Shea was asleep before then, I think, and I finally dozed off after it occurred to me that there was no seashore outside the apartment building. Hallucinations like this are made of the same stuff as Douglas Adams' method of flying--once you realize you're doing it, you realize it can't possibly be, and you fall to your death. Luckily, I was still sitting on the couch, so all I felt was that sickening click of perspective as all the room's angles went back to 90 degrees.

The next morning, there was snow on the ground, and more on the way. We had been planning on leaving that afternoon, but our hosts urged us to leave, so we left. I never figured out if they were really concerned about roads being closed, or if they just wanted to get us weirdoes out of their house, away from their little girls. I gave Sean the acid, and told him to mail me the money if he sold any. It's hard to get too concerned about base ideas like money, when six hours before you were being extolled as a prophet.

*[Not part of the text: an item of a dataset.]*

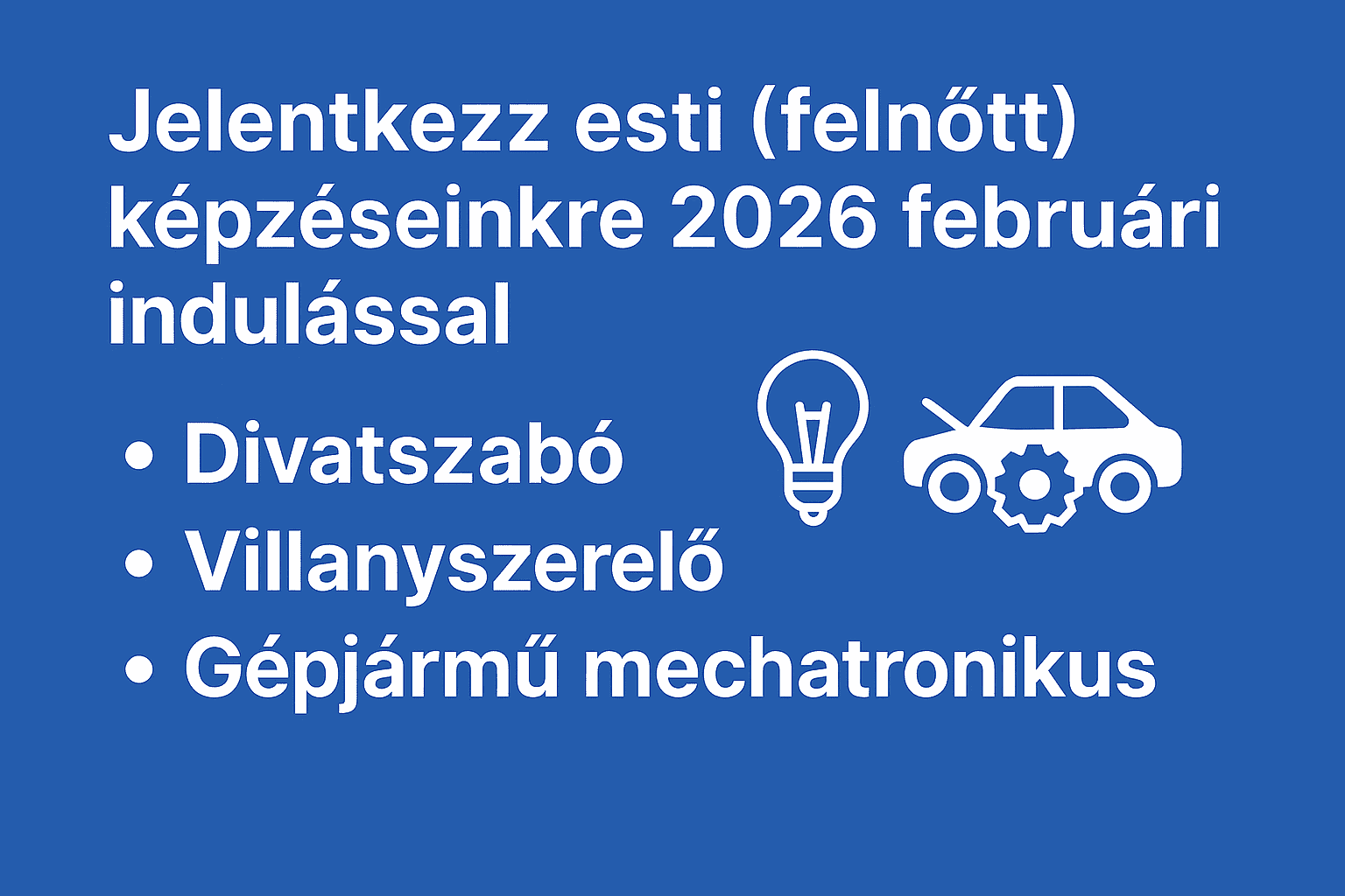 Jelentkezz esti (felnőtt) képzéseinkre 2026 februári indulással: Divatszabó, Villanyszerelő, Gépjármű mechatronikus
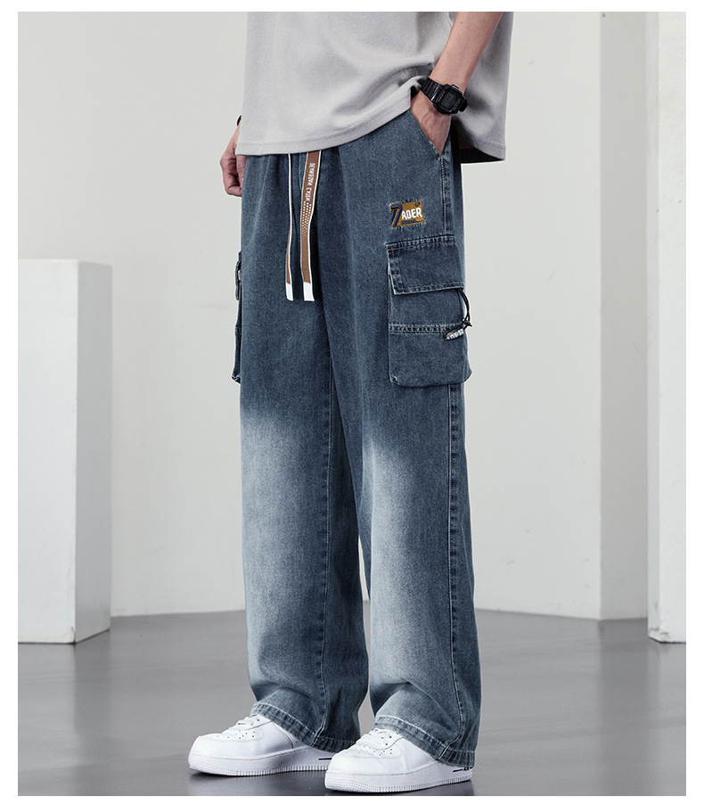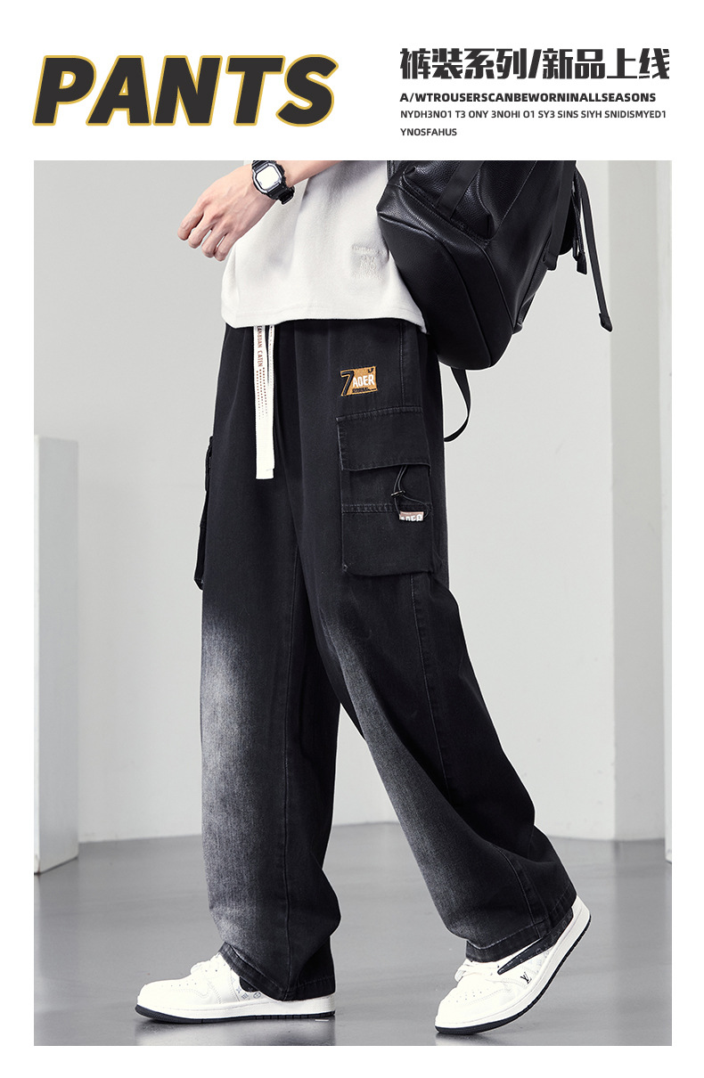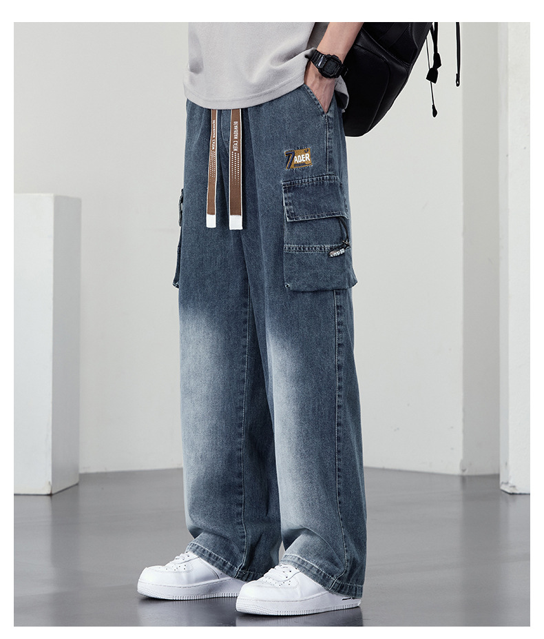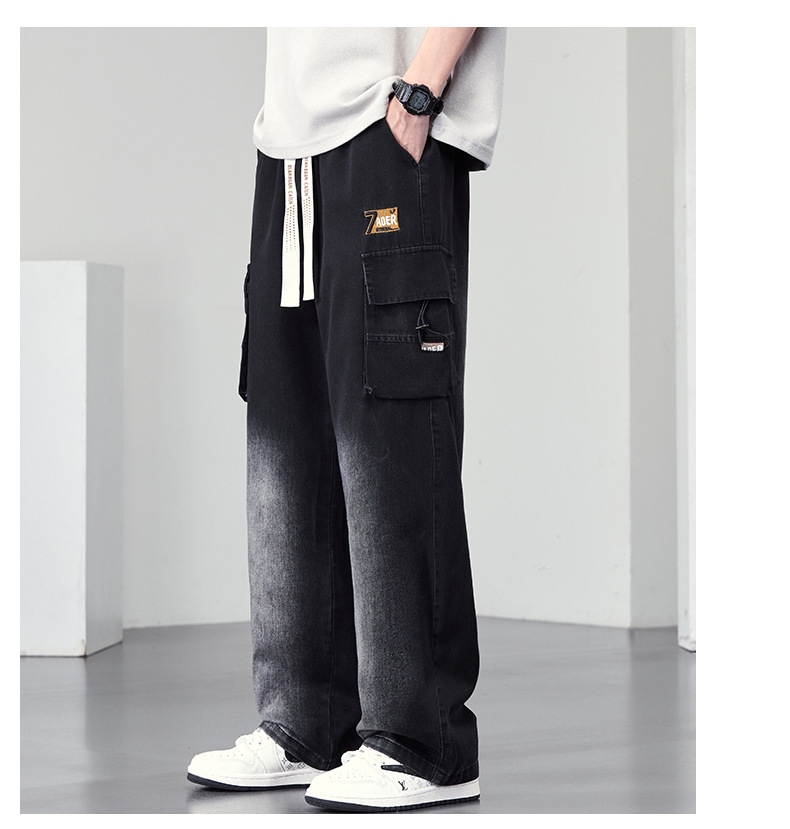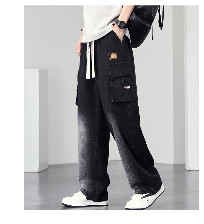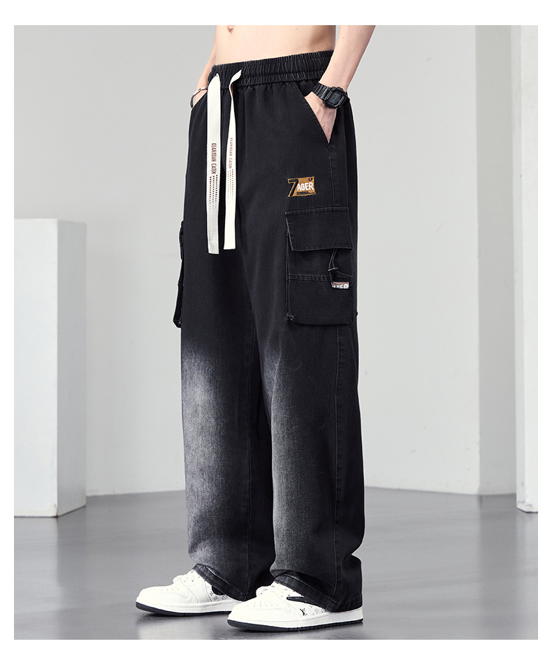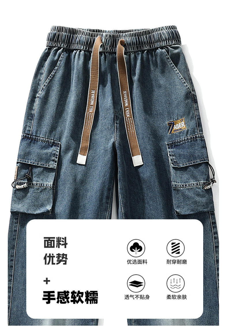 【DYF】大依优型大码男装松紧腰直筒牛仔裤宽松运动休闲风潮流男士胖子长裤

[NOTE: part of the reason I haven't written this bit is because I feel insufferably arrogant writing about being called a "prophet." Those that know me know that I can't keep my house clean, can't get laid, and definitely can't keep my CD's organized. Those that know Sean, on the other hand, know that he loves nothing better than making grandiose statements that have some basis in reality, or at least aren't provably false. Ultimately, then, I came to the conclusion that just because he said it, doesn't necessarily make it fuckin' so. I mean, you beat a man on the head with a wife and kids long enough, he'll begin to think being frisked by US Customs is downright glamorous, right?]